Старик столяр и молодой токарь по достоинству оценили мой макет: мне даже не потребовалось проводить производственное совещание, каждый из них сразу же определил, что́ ему предстоит делать.
Я тоже уже без сомнений приступил к работе над основными блоками и цоколем, на котором должен был покоиться гидроорган.
Я даже представить не мог, что человека может охватить такое нетерпение. Но мы не могли позволить себе торопиться, действовать надо было по принципу: семь раз отмерь, один — отрежь. К тому же приходилось каждую деталь изготавливать очень тщательно, тут уже не схалтуришь. И работать мы должны были в тесном взаимодействии, тут каждому дудеть в свою дуду было нельзя. Мы были одновременно и мастерами, и подмастерьями друг у друга, нам теперь приходилось чуть ли не дышать синхронно. А проблем у нас хватало. К тому же старик столяр был слегка ленив и весьма бурно возмущался, если мы осмеливались его критиковать. Что касается паренька-токаря, то он, наоборот, был слишком самонадеян и болтлив. К тому же очень не любил, чтобы ему указывали. Все время напоминал, дескать, он не дурак и сам знает, как ему делать ту или иную деталь. Я же осторожничал, старался идти проторенным путем, доверял только апробированным материалам. Я знал, металл в самые неподходящие моменты ломается, дерево же чрезмерно гнется. По многу раз я прикидывал, примеривался и только после этого ставил на место деталь или узел. Так нам еще никогда не приходилось вкалывать. Здесь ничего нельзя было делать на авось, все приходилось принимать в расчет. Каждый из нас старался блеснуть, показать, на что он способен.
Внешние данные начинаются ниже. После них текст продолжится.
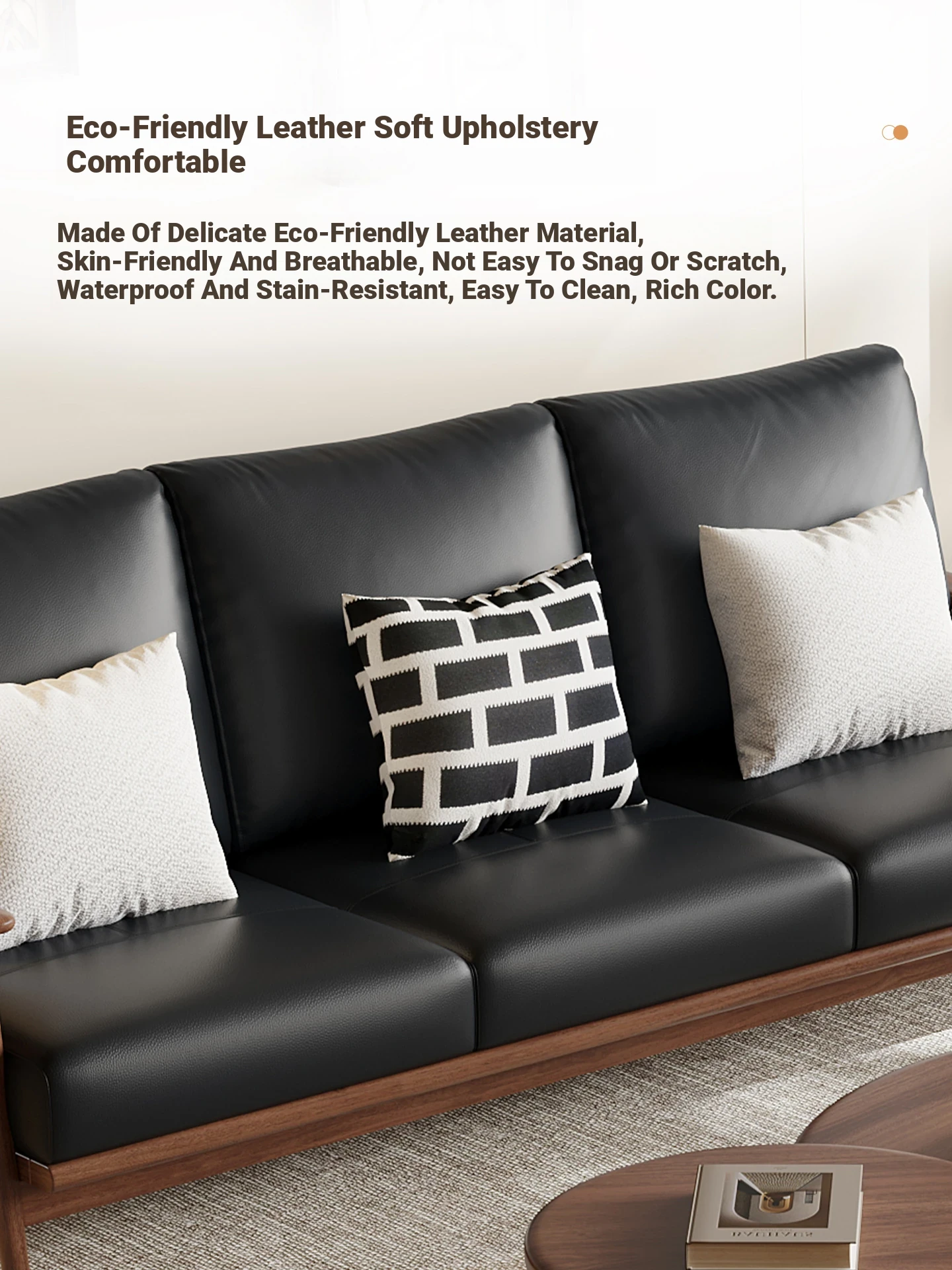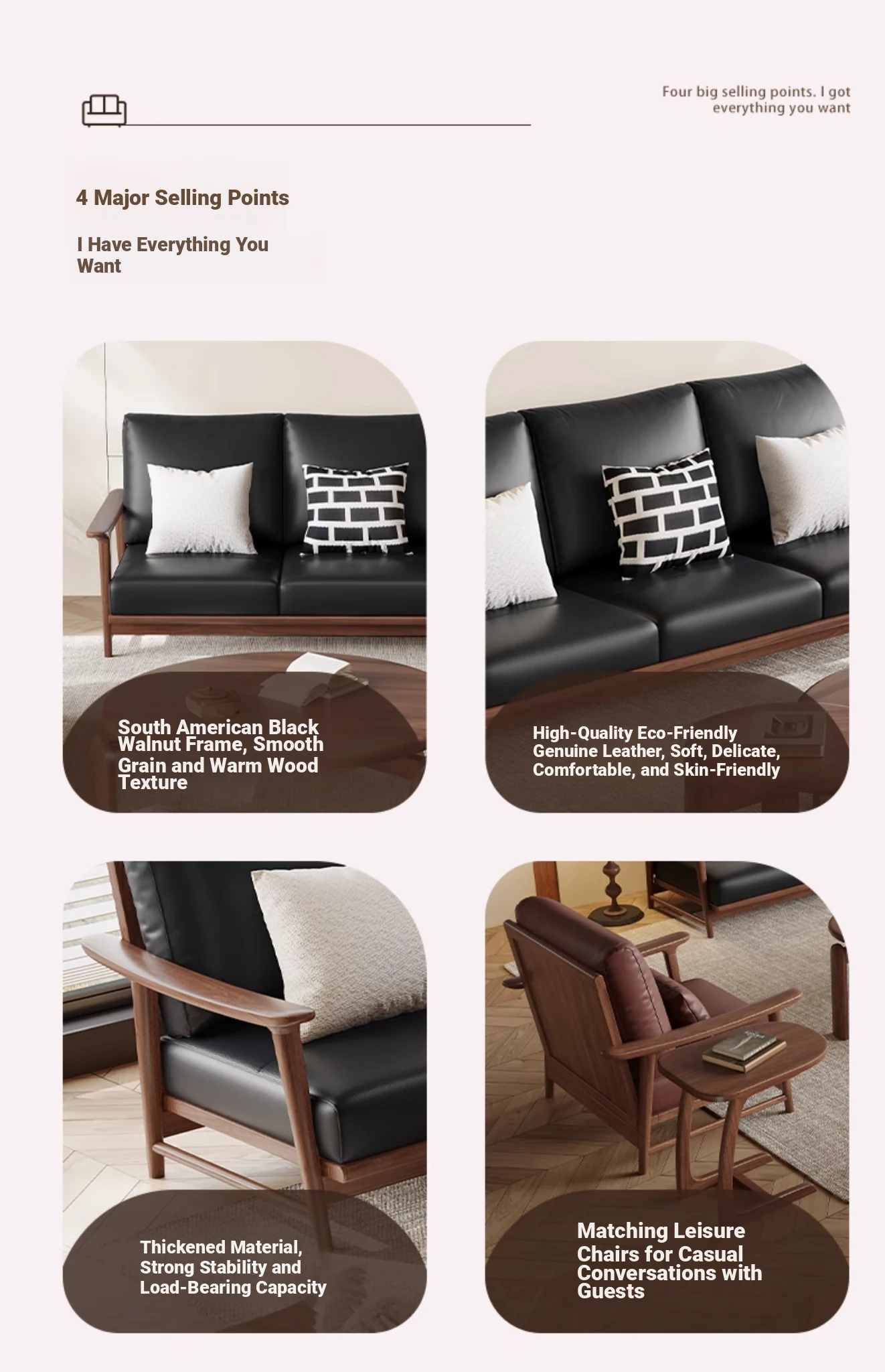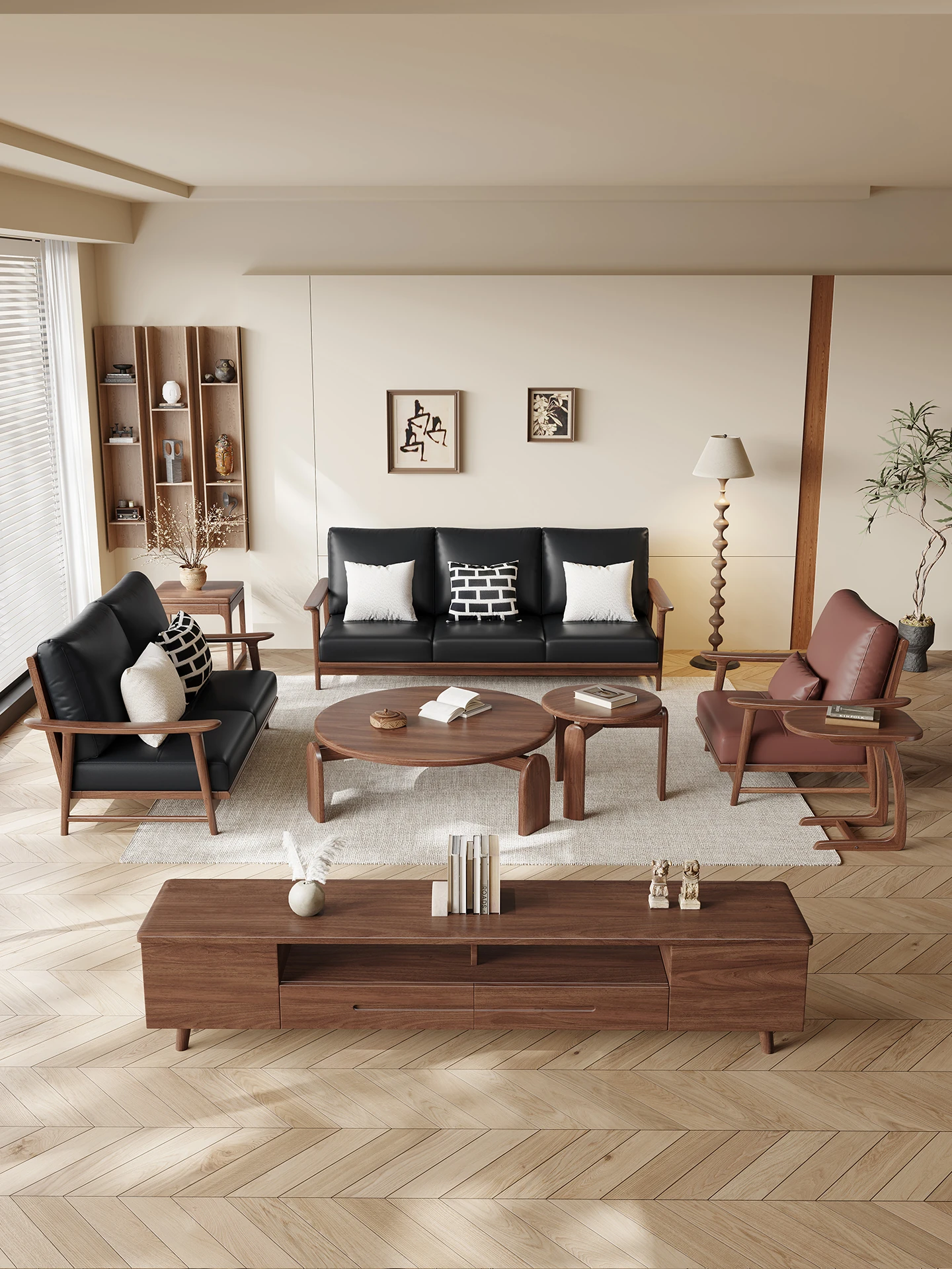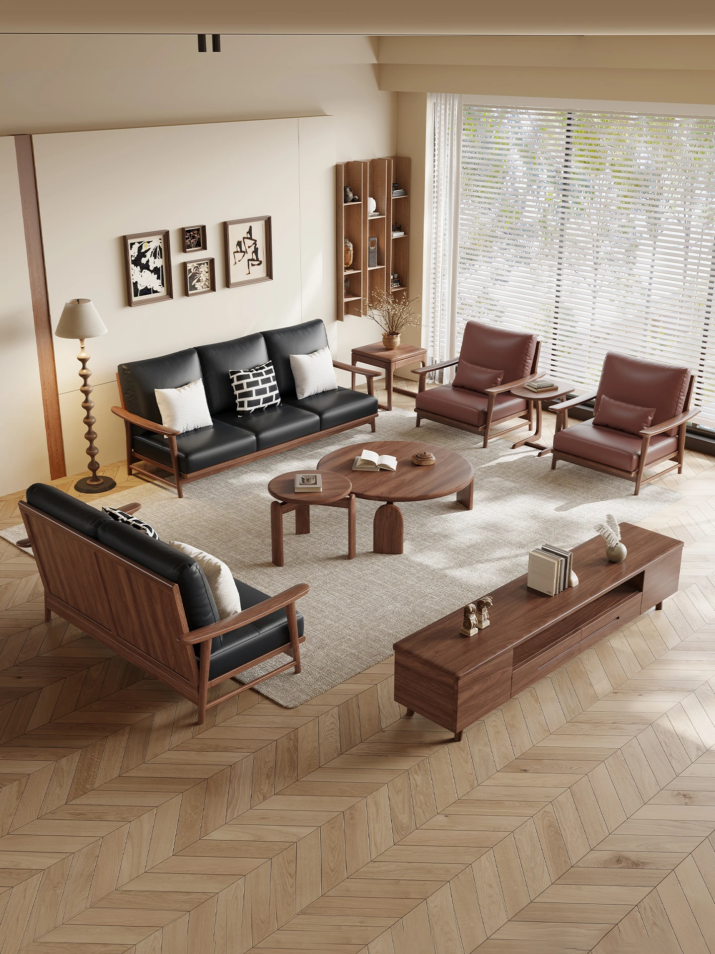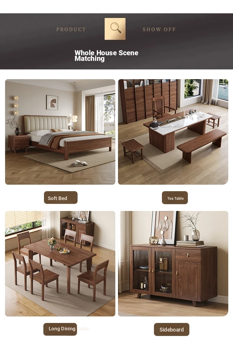 Modern Minimalist Walnut Solid Wood Sofa Set - Genuine Leather for Spacious Villas and Cozy Homes - Zen-inspired Chinese Style Living Room Furniture

Добрых полтора месяца мучились мы над созданием отдельных небольших деталей и маленьких узлов, прежде чем я осмелился перейти к сборке. Тут к нам зачастил инженер Энекеш. На седьмой неделе наших мытарств с гидроорганом он привел пожилого господина, который за два дня настроил регистры будущего чудо-инструмента.
После этого наступили еще более горячие денечки. Теперь каждый блок и узел приходилось дрессировать, словно какого-то зверя. Мы постоянно держали серьезный экзамен по своей профессии перед самими собой — самой строгой и въедливой экзаменационной комиссией.
Андраш Энекеш все чаще довольно улыбался и удовлетворенно хмыкал у меня за спиной. Наконец на ближайший вторник он назначил первую пробу гидрооргана.
В воскресенье я пришел на завод, решив проверить нашу машину, как следует обследовать и отладить ее самым тщательным образом. Я, честно говоря, очень боялся за свой гидроорган, как-то он выдержит экзамен перед, чужими людьми, которые будут выносить приговор.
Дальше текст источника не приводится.